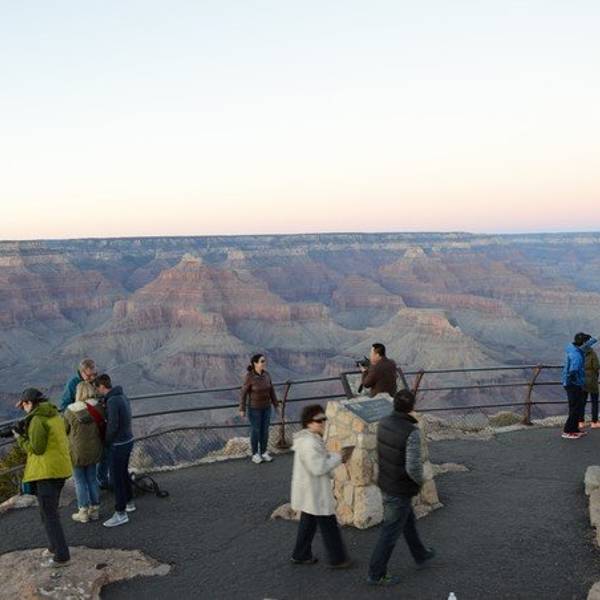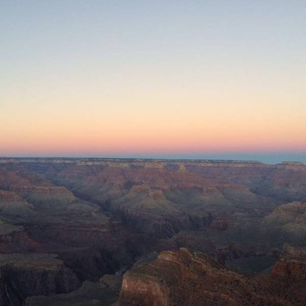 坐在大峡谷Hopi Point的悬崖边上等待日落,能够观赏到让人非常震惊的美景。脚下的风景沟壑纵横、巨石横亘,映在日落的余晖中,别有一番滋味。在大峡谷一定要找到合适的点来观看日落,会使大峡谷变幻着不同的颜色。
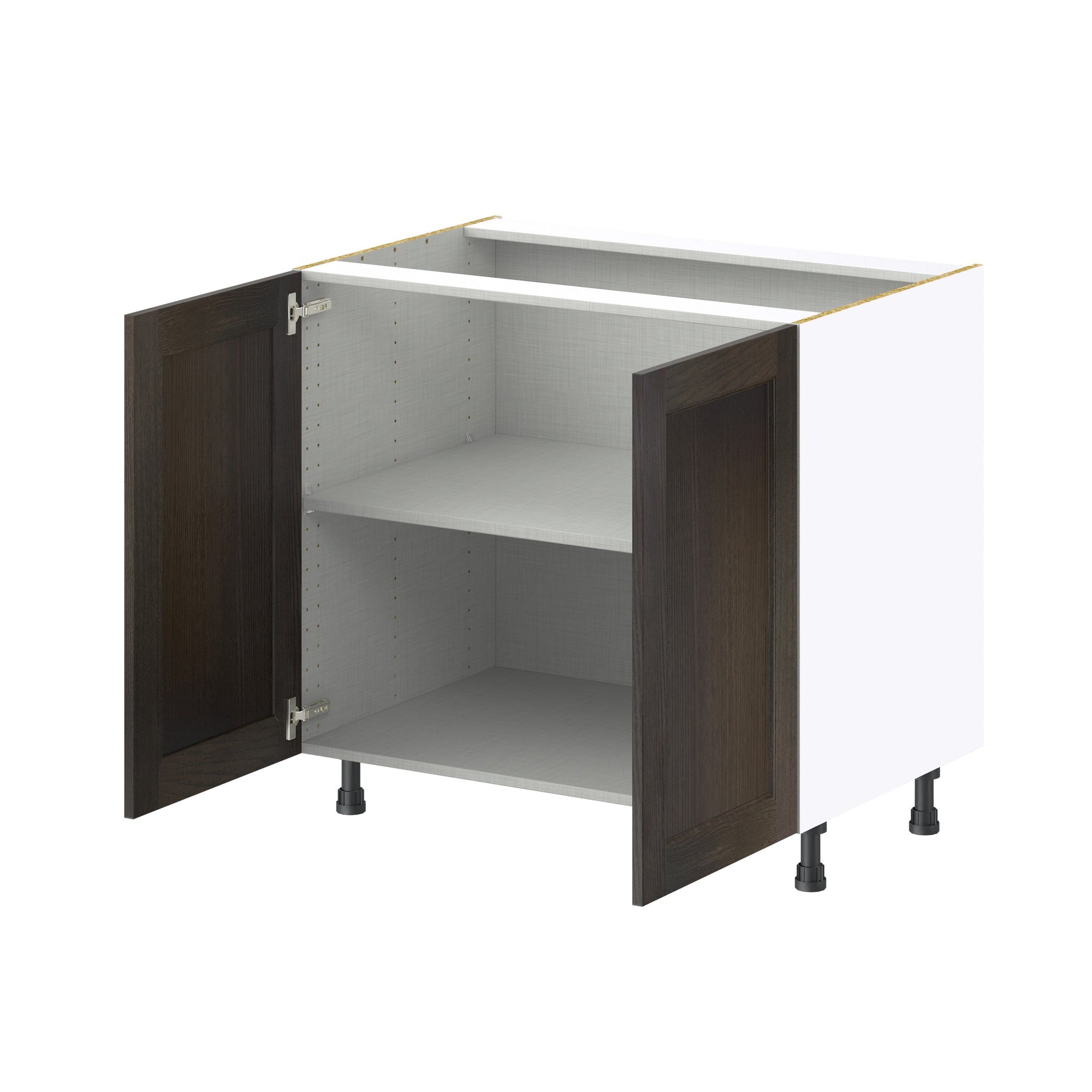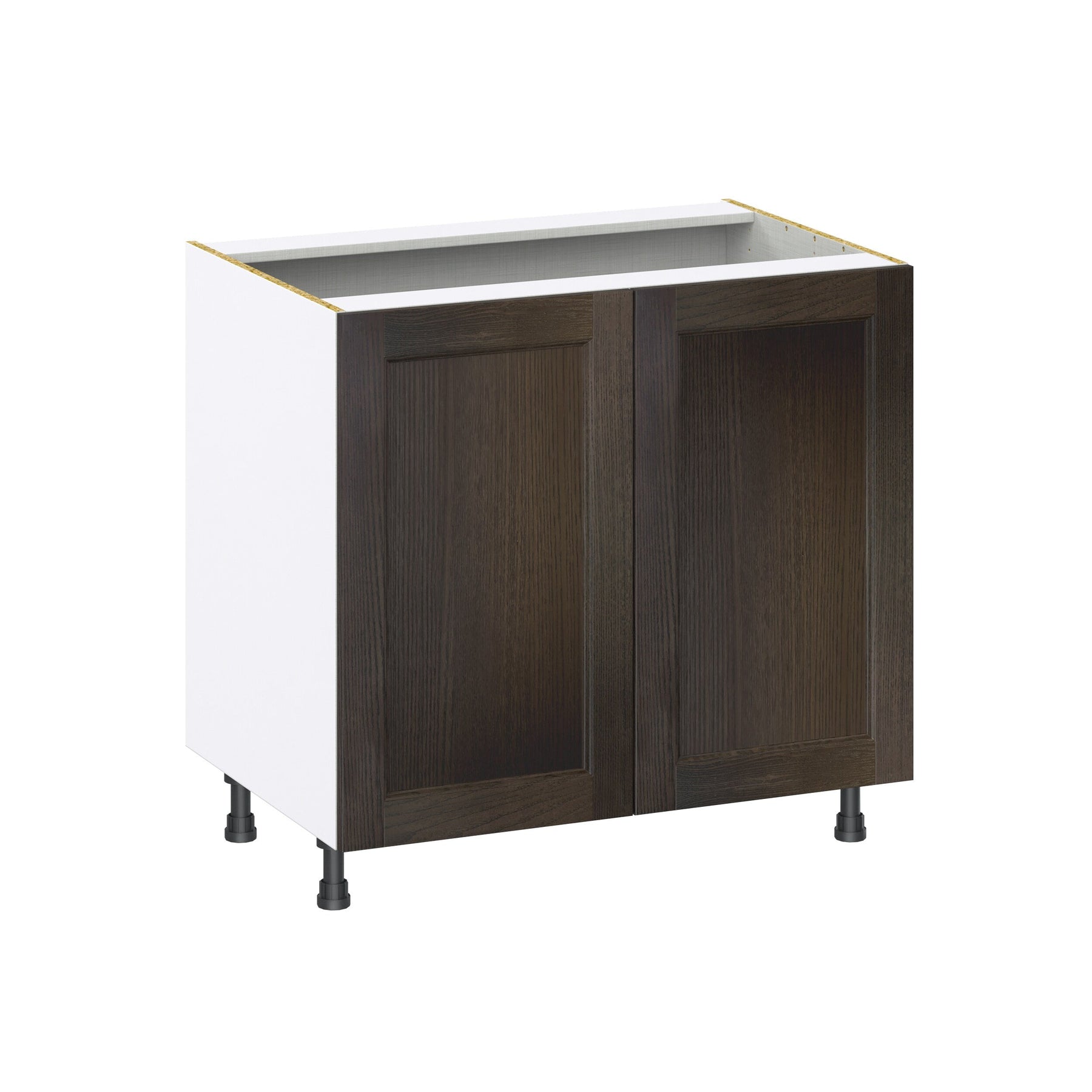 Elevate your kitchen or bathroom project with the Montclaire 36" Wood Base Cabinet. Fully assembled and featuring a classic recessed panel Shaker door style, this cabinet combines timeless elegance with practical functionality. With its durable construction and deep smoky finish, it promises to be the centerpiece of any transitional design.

...

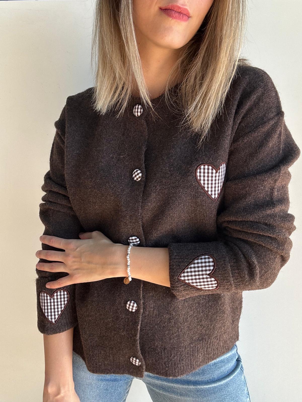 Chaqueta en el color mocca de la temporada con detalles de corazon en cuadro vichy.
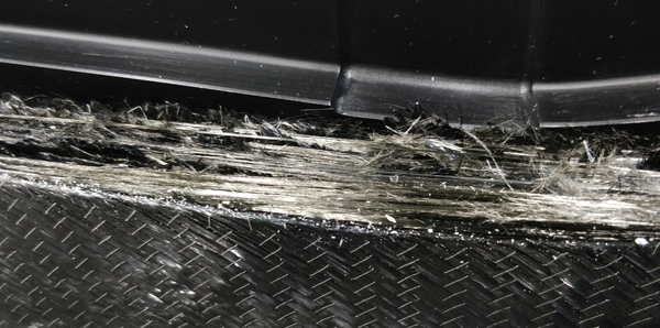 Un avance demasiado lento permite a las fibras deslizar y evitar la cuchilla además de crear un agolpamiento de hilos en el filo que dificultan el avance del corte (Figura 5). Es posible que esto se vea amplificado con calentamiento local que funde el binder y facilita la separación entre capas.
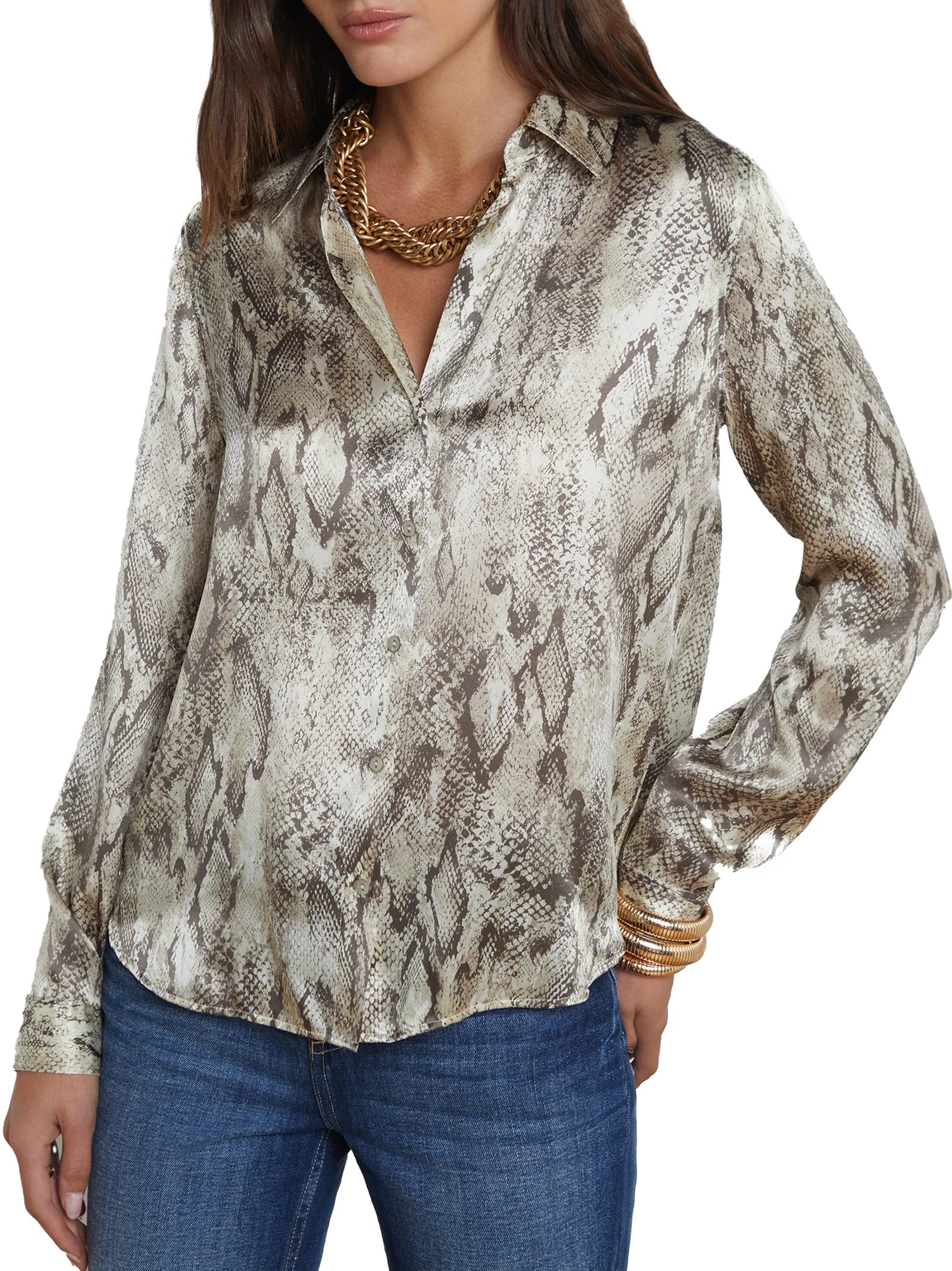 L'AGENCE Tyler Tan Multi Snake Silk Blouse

● **What to do**: Work from the entries above. Set down exactly and only the lines from the line with "Chaqueta en el" to the line with "L'AGENCE Tyler Tan Multi Snake Silk Blouse", both included, and leave the pictures out.

● **Answer space**:
 Chaqueta en el color mocca de la temporada con detalles de corazon en cuadro vichy.
 Un avance demasiado lento permite a las fibras deslizar y evitar la cuchilla además de crear un agolpamiento de hilos en el filo que dificultan el avance del corte (Figura 5). Es posible que esto se vea amplificado con calentamiento local que funde el binder y facilita la separación entre capas.
 L'AGENCE Tyler Tan Multi Snake Silk Blouse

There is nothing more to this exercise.